One place that quantum computing has a direct effect on technology with this scaling is cryptography. Today, we use very large prime numbers to be able to create the complexity required to keep all of our data encrypted. But what if you had a quantum computer that was able to perform these very large calculations in a very short period of time? This would effectively render all of our existing cryptography useless because our quantum computers would be able to brute force all of our encrypted data very, very quickly.
A description of how this could be done with quantum computing was created by Peter Shor. He created what’s called Shor’s algorithm in 1994, where he looked at how we were using prime numbers and came up with a way that you could greatly shorten the process of being able to factor this information. This could take processes that would effectively take longer than the lifetime of the universe and make them something very feasible to use with quantum computing.
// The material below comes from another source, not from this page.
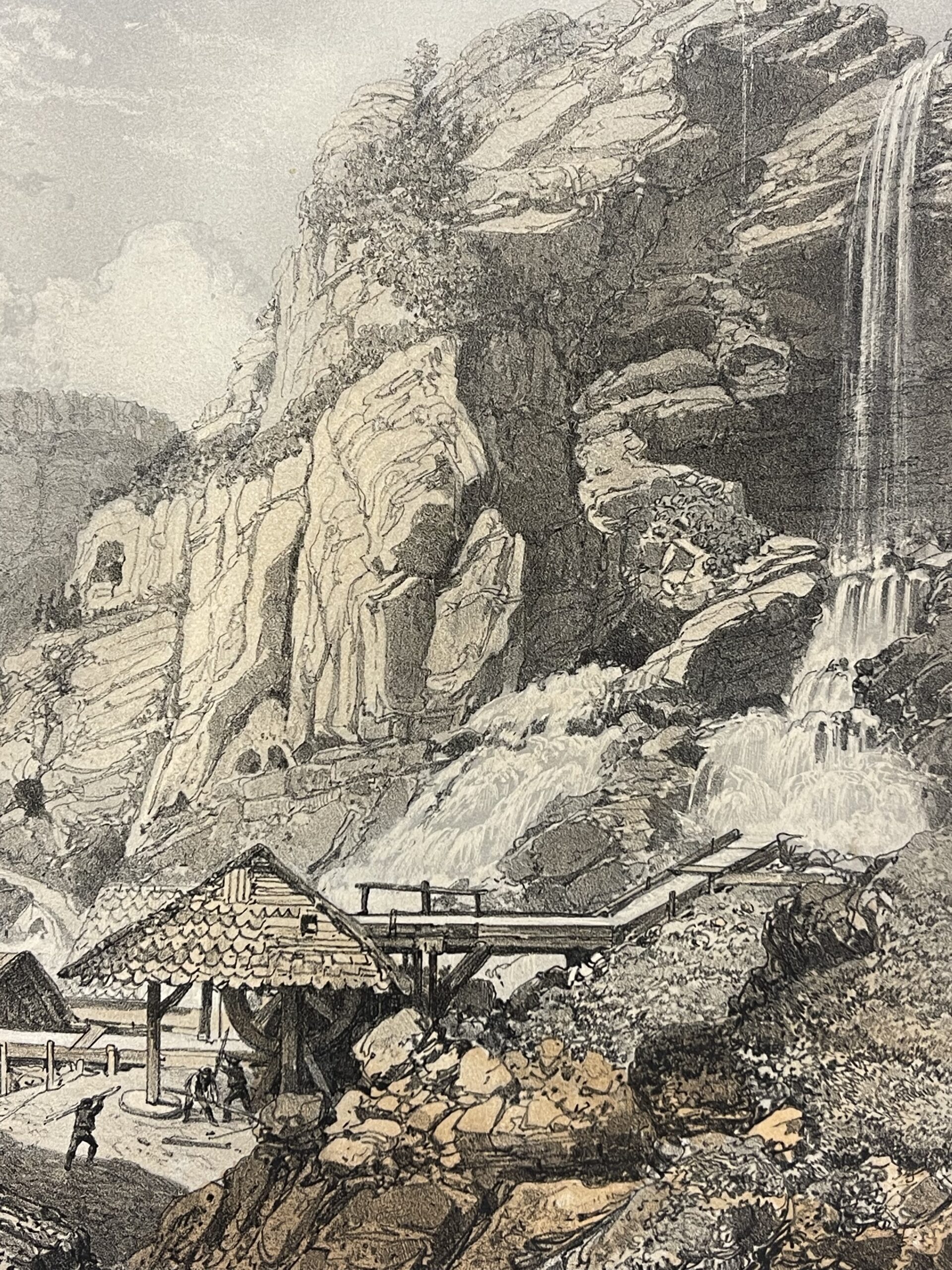 Pièce très décorative et d’une grande valeur historique, elle ravira les collectionneurs de paysages alpins, de cascades et d’iconographie régionale française.

Fortunately, researchers are already looking at new ways to provide cryptography in this new world of quantum computing. One of the ways to do this is with NTRU. This is a new way of performing encryption with quantum computing that instead of using very large prime numbers uses a closest vector problem. This is a problem that is still difficult for quantum computing to calculate and would be a very viable way to provide encryption. Researchers are also putting together other ideas that will help us maintain the privacy and encryption technologies we need, even in this newer generation of quantum computing.
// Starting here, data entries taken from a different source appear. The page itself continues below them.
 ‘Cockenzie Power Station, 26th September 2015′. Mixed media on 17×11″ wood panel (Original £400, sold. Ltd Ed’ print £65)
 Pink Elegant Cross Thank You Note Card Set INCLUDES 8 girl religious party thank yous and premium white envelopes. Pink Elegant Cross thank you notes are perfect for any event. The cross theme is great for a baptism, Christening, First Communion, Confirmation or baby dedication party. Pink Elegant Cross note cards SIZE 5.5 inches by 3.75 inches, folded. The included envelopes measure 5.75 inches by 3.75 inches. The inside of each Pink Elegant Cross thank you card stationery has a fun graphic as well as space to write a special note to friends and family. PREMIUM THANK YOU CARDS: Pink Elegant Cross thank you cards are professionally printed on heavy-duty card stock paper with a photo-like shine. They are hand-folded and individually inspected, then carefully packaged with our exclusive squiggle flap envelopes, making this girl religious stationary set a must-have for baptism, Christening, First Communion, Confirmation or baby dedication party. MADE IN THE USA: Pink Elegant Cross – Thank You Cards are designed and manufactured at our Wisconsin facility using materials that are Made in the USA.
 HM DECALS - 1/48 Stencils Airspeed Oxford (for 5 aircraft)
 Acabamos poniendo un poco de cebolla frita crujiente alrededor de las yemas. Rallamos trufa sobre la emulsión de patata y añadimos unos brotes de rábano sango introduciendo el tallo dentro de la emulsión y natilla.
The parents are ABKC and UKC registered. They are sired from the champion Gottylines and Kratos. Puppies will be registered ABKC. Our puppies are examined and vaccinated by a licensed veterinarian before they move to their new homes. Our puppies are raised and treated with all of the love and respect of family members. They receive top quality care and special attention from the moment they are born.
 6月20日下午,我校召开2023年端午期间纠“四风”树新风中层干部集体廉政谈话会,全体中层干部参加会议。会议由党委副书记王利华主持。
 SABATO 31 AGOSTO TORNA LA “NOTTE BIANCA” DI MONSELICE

One interesting characteristic of quantum computing is that if you examine the quantum bits, you will effectively be changing those quantum bits. This means that we can send information over a quantum network, and on the other side, we’re able to tell if anyone was monitoring that conversation. This is especially useful if you want to distribute encryption keys.
You might want to use Quantum Key Distribution, or QKD. This allows us to send our encryption keys across the network to the other side without the worry of someone being able to intercept that key somewhere in the middle. We would send that random string of qubits, which was effectively our encryption key, across that quantum network channel.
Once the key is received, both sides can verify that key, and if it’s identical, then no one viewed that key during the transmission process. However, if someone was to monitor that conversation, it would change the keys that were received on the other side, and those two keys would not verify. This greatly changes the processes and procedures we use for encryption, and we’ll want to keep a close eye on quantum computing as this technology matures.